Fixes: commit 8d444b41d09a700c7ee6f9182a649f3f2d325abb
---
copy/copy-nbd-error.sh | 4 ++--
1 file changed, 2 insertions(+), 2 deletions(-)
diff --git a/copy/copy-nbd-error.sh b/copy/copy-nbd-error.sh
index 0088807f54..01524a890c 100755
--- a/copy/copy-nbd-error.sh
+++ b/copy/copy-nbd-error.sh
@@ -40,7 +40,7 @@ $VG nbdcopy -- [ nbdkit --exit-with-parent -v --filter=error pattern 5M
\
# Failure to read should be fatal
echo "Testing read failures on non-sparse source"
$VG nbdcopy -- [ nbdkit --exit-with-parent -v --filter=error pattern 5M \
- error-pread-rate=0.5 ] null: && fail=1
+ error-pread-rate=1 ] null: && fail=1
# However, reliable block status on a sparse image can avoid the need to read
echo "Testing read failures on sparse source"
@@ -51,7 +51,7 @@ $VG nbdcopy -- [ nbdkit --exit-with-parent -v --filter=error null 5M \
echo "Testing write data failures on arbitrary destination"
$VG nbdcopy -- [ nbdkit --exit-with-parent -v pattern 5M ] \
[ nbdkit --exit-with-parent -v --filter=error --filter=noextents \
- memory 5M error-pwrite-rate=0.5 ] && fail=1
+ memory 5M error-pwrite-rate=1 ] && fail=1
# However, writing zeroes can bypass the need for normal writes
echo "Testing write data failures from sparse source"
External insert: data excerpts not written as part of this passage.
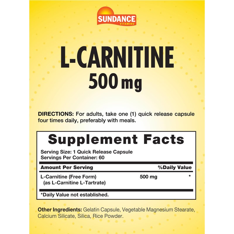L-Carnitine 500mg | 60 Capsules | Free Form Amino Acid | Non-GMO and Gluten Free Supplement | by Sundance
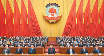 3月10日,中国人民政治协商会议第十三届全国委员会第四次会议在北京闭幕。中共中央政治局常委、全国政协主席汪洋主持闭幕会并发表讲话。本报记者 张武军摄
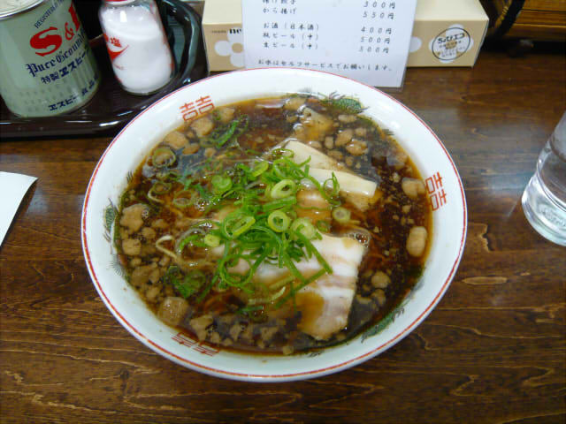 醤油味のスープに、コロコロした背脂が浮いているのが特徴。
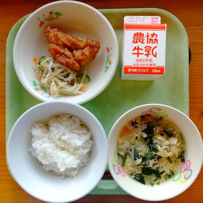 くれたようです。献立は「ごはん・牛乳・鶏肉のからあげはちみつ生姜醤油・ねぎしおナムル・ほうれん草のかきたまみそ汁」です。からあげは、みんな大好きですが甘辛いたれがさらにご飯がすすむ味で好評でした。
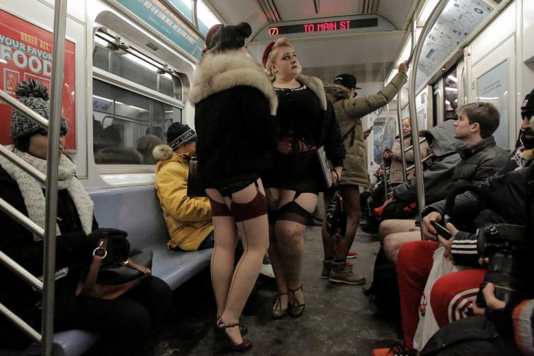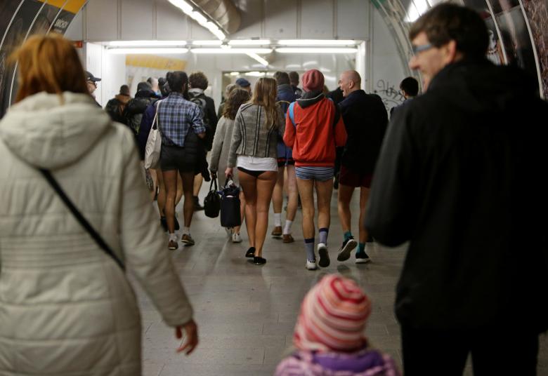 Vào ngày này, những người tham gia đều ăn vận ấm áp ở phần trên nhưng bên dưới không mặc quần dài hay váy.
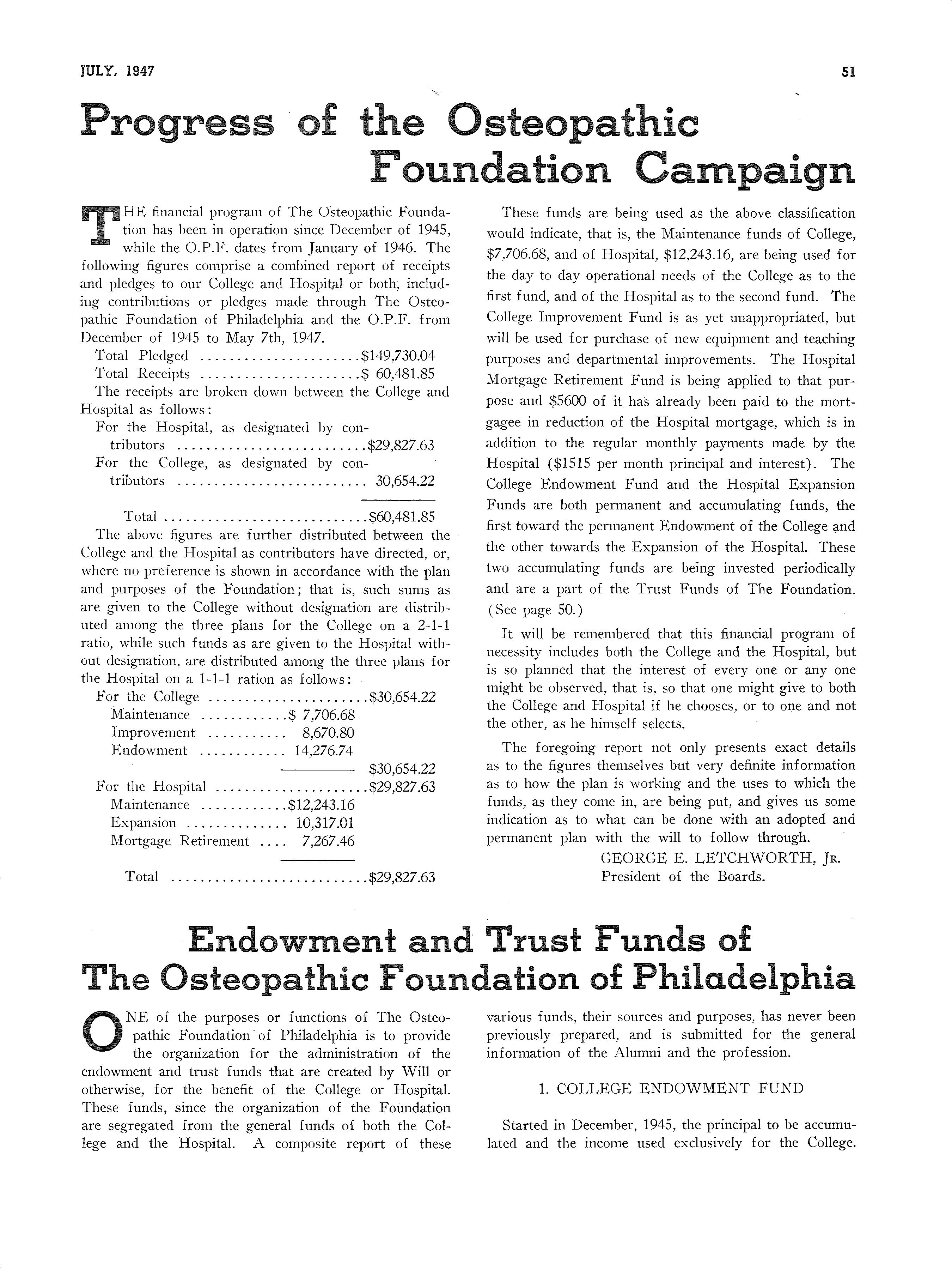 GEORGE E. LETCHWORTH, JR. President of the Boards.NE of the purposes or functions of The Osteopathic Foundation of Philadelphia is to provide the organization for the administration of the endowment and trust funds that are created by Will or otherwise, for the benefit of the College or HospitaL These funds, since the organization of the Foundation are segregated from the general funds of both the College and the HospitaL A composite report of these

Wasn't the original intent of the 50% error rate that the first error
manifest usually at a different offset every time? If we change the
error rate to 1, the tests will fail upon the first access, which kind
of breaks the original intent.
I wonder if we could determine a random offset in advance, and make sure
that the read or write access fails 100%, but only if the request covers
that offset.
...
The probability that n subsequent accesses *don't* fail is
(1-error_rate)^n. (The probability that at least one access fails is
1-(1-error_rate)^n.)
And n is given by (I think?) image_size/request_size. So, if we change
the request_size, we can recalculate "n", for the test not to fail with
the same probability as before.
(1-err1)^(imgsz/rsz1) = (1-err2)^(imgsz/rsz2)
draw the imgsz'th root of both sides
(1-err1)^(1/rsz1) = (1-err2)^(1/rsz2)
raise both sides to the rsz2'nd power
(1-err1)^(rsz2/rsz1) = 1-err2
err2 = 1 - (1-err1)^(rsz2/rsz1)
I know that err1=0.5, but don't know rsz2 and rsz1 (the request sizes
after, and before, the last patch in the series). Assuming (just
guessing!) we increased the request size 8-fold, we'd have to go from
error rate 0.5 to:
err2 = 1 - (1-0.5)^8
= 1 - (1/2)^8
= 1 - (1 / 256)
= 255/256
= 0.99609375
We basically group every eight coin tosses into one super-toss, and want
the latter to show "failure" with the same probability as *at least one*
of the original 8 tosses failing.
Laszlo